Cetuximab: adverse event profile and recommendations for toxicity management

Abstract

Cetuximab (Erbitux, IMC-C225, ImClone Systems Incorporated, New York, NY) is a monoclonal antibody targeted to the epidermal growth factor receptor. Expression of the epidermal growth factor receptor is associated with disease progression, poor survival, poor response to therapy, and the development of resistance to therapy in many solid tumors. Cetuximab blocks the binding of natural ligands to the epidermal growth factor receptor, thus inhibiting oncogenic processes associated with its activation. Infusion reactions, acneform skin rash, and nail disorder are the most clinically relevant adverse events observed. Because infusion reactions can be life threatening when severe, nurses must administer prophylactic treatment with an H1 antagonist prior to infusion and actively manage cetuximab-related infusion reactions when they occur.

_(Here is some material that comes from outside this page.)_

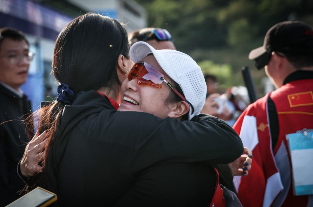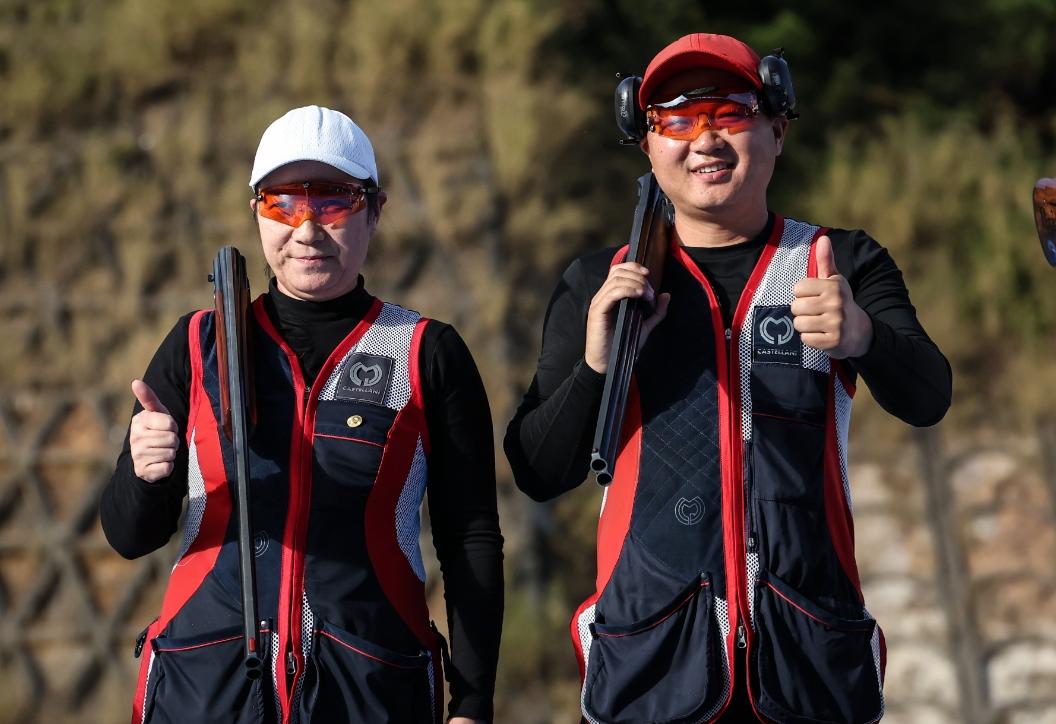 昨天进行的第十五届全国运动会飞碟多向混合团体比赛,湖南队八战全运的54岁老将刘英姿搭档34岁的郭雨浩,在最终金牌战以44中对42中击败陕西队组合肖金佳/段宇薇,夺得冠军。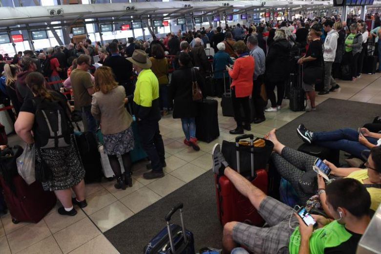 Hàng dài khách hàng đứng chờ ở một sân bay nội địa Australia. (Ảnh: EPA)

Management of infusion reactions typically includes vigilant patient monitoring, appropriate medical supervision, readily available resources for the treatment of infusion reactions, and initiation of institution- or practice-specific protocols when necessary. Acneform skin rash is the most common adverse event, but severe (grade 3 or 4) rash requiring interruption of treatment is not common. Topical and systemic antibiotic therapies may be administered to reduce symptoms. Nail disorder typically is mild to moderate and is observed infrequently; this also may be treated with systemic and topical antibiotics. Overall, the safety profile of cetuximab is favorable compared to that typically seen with chemotherapeutic agents. The acneform skin rash and nail disorder, which may affect quality of life, rarely threaten the general well-being of patients and typically are manageable.